## EXERCISE REQUIREMENTS
Down to the last line, set down the listing below exactly, apart from its pictures.

## DATA PROVIDED
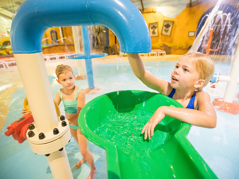 Die (aller)Kleinsten vergnügen sich im Wasserspielplatz, während Sie aufpassen und Ihre Füße baden. Entspannen Sie sich im Whirlpool und genießen Sie die tropische Atmosphäre.
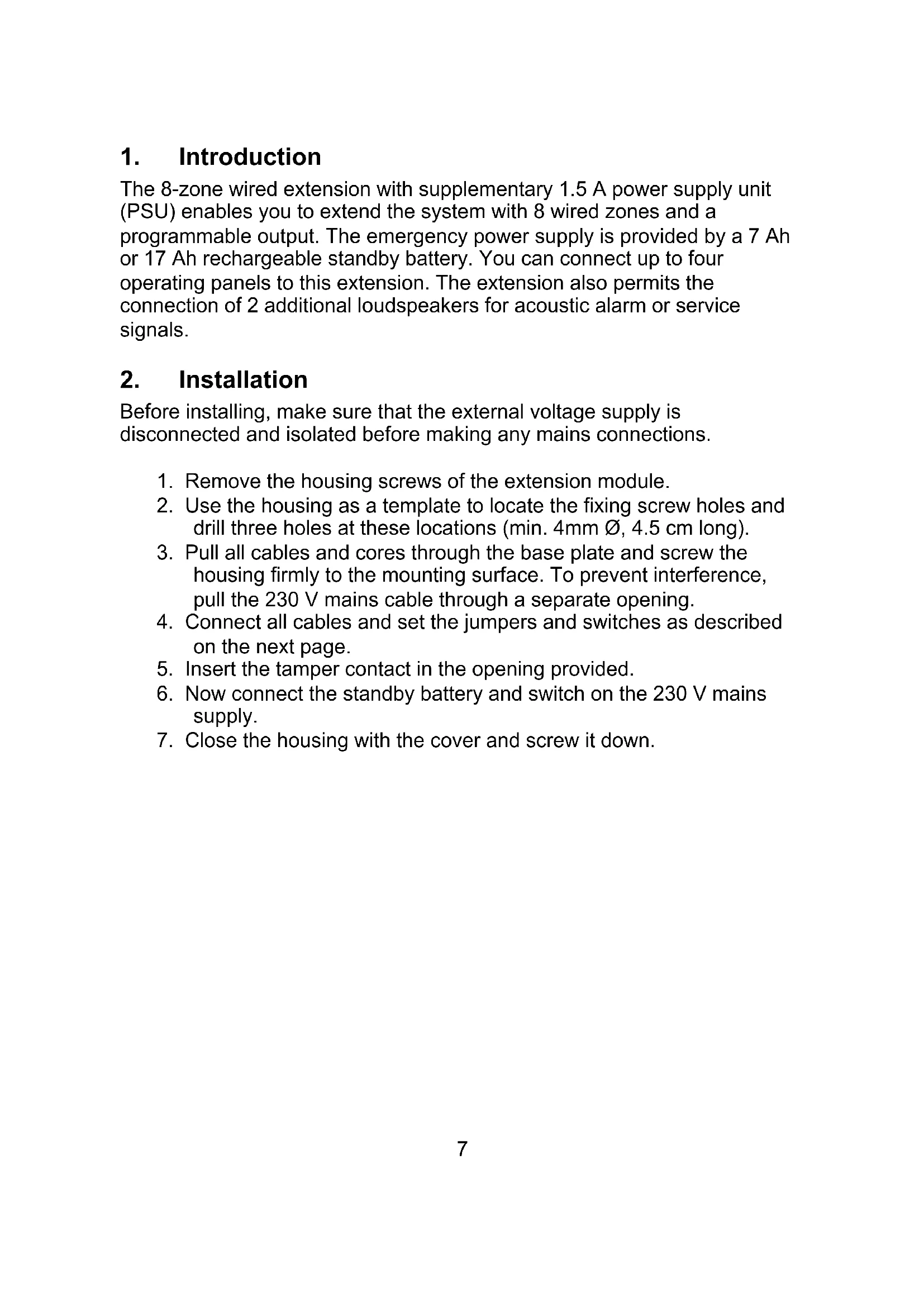 The 8-zone wired extension with supplementary 1.5 A power supply unit (PSU) enables you to extend the system with 8 wired zones and a programmable output. The emergency power supply is provided by a 7 Ah or 17 Ah rechargeable standby battery. You can connect up to four operating panels to this extension. The extension also permits the connection of 2 additional loudspeakers for acoustic alarm or service signals.
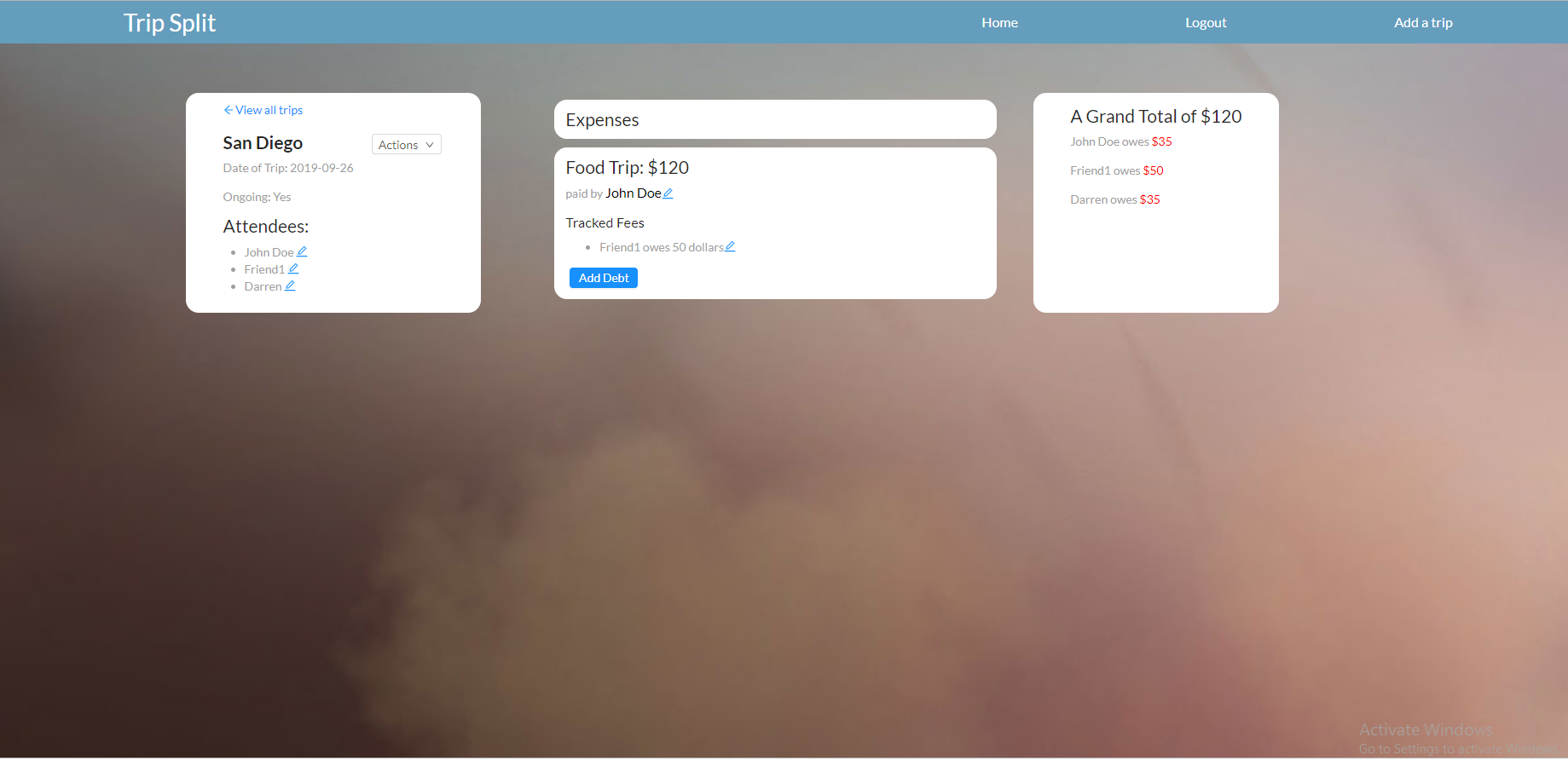 Project: Trip Split
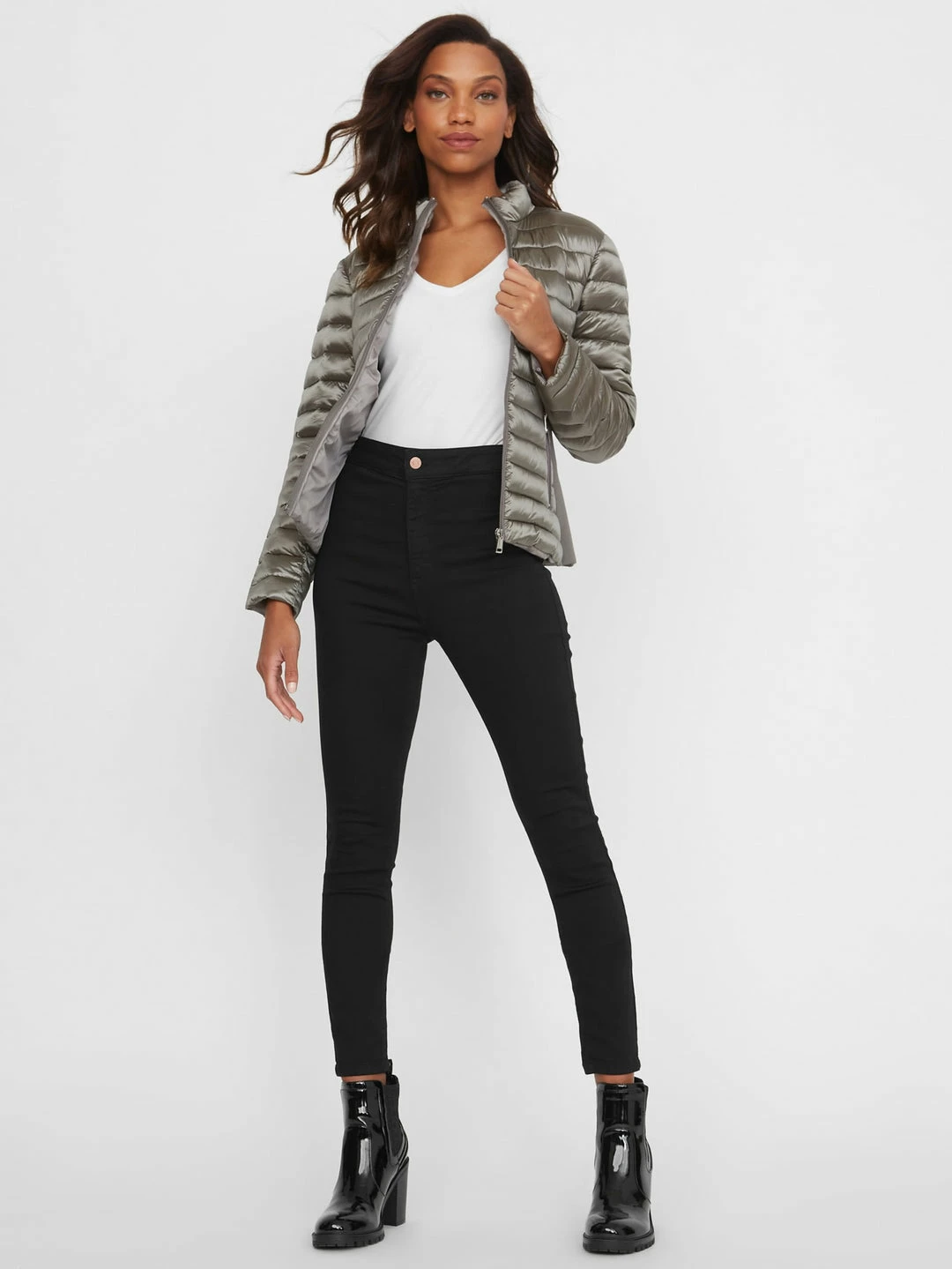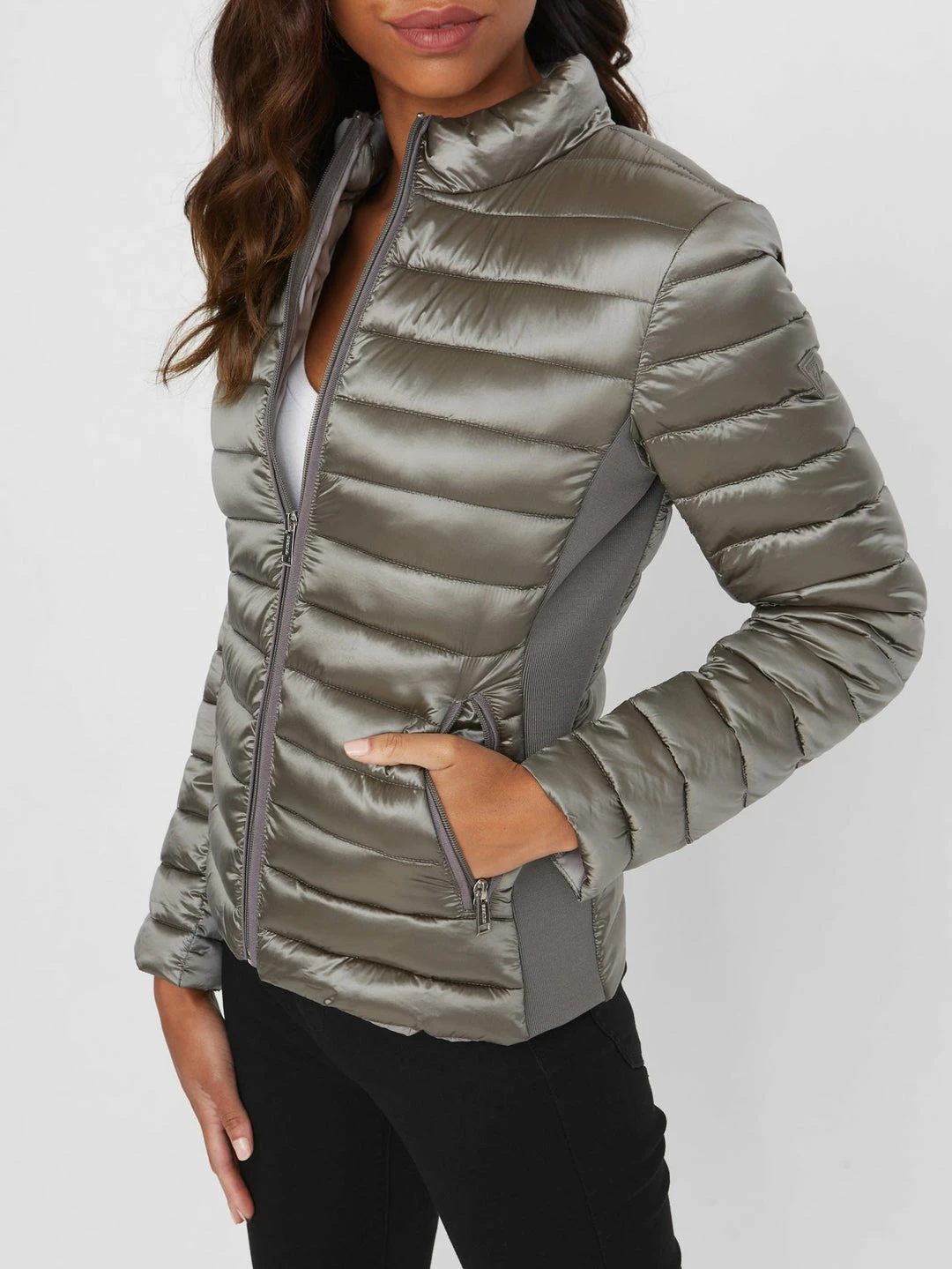 An ideal layer, this weather-ready jacket is designed in a padded nylon fabrication with shimmering metallic finish. Features a stand collar, side zip pockets and front zip closure.
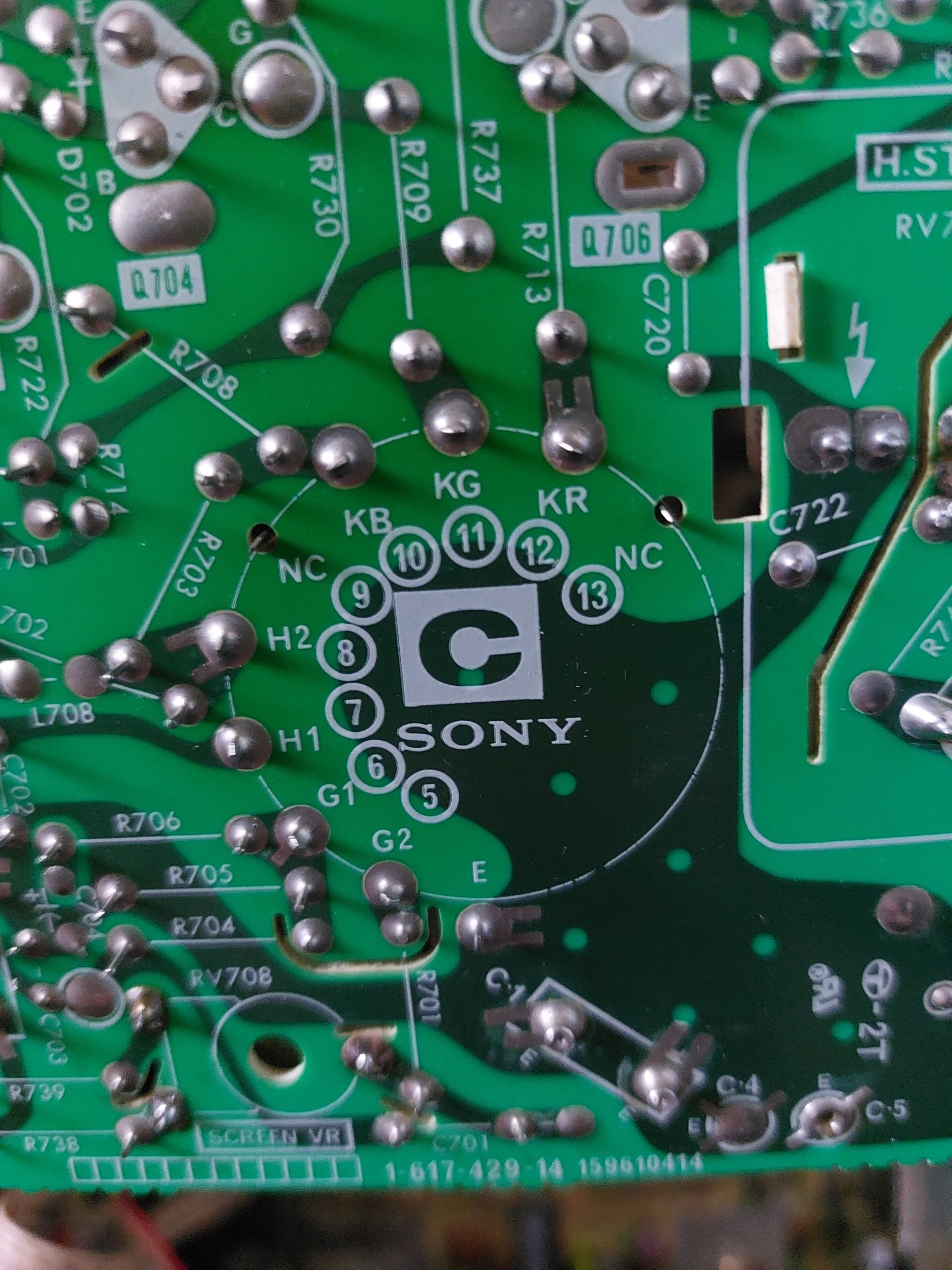 Ja sam uvek tako proveravao ekran da sam otkačio R,G,B katode od napona (Kod tebe otkači R708,R709,R713) i sa jednom žicom na tren kratkospoji sa GND-om katode R,G,B , ako je od ovih jedna boja nikakva znači crko ekran.

## REPLY TO THE EXERCISE
 Die (aller)Kleinsten vergnügen sich im Wasserspielplatz, während Sie aufpassen und Ihre Füße baden. Entspannen Sie sich im Whirlpool und genießen Sie die tropische Atmosphäre.
 The 8-zone wired extension with supplementary 1.5 A power supply unit (PSU) enables you to extend the system with 8 wired zones and a programmable output. The emergency power supply is provided by a 7 Ah or 17 Ah rechargeable standby battery. You can connect up to four operating panels to this extension. The extension also permits the connection of 2 additional loudspeakers for acoustic alarm or service signals.
 Project: Trip Split
 An ideal layer, this weather-ready jacket is designed in a padded nylon fabrication with shimmering metallic finish. Features a stand collar, side zip pockets and front zip closure.
 Ja sam uvek tako proveravao ekran da sam otkačio R,G,B katode od napona (Kod tebe otkači R708,R709,R713) i sa jednom žicom na tren kratkospoji sa GND-om katode R,G,B , ako je od ovih jedna boja nikakva znači crko ekran.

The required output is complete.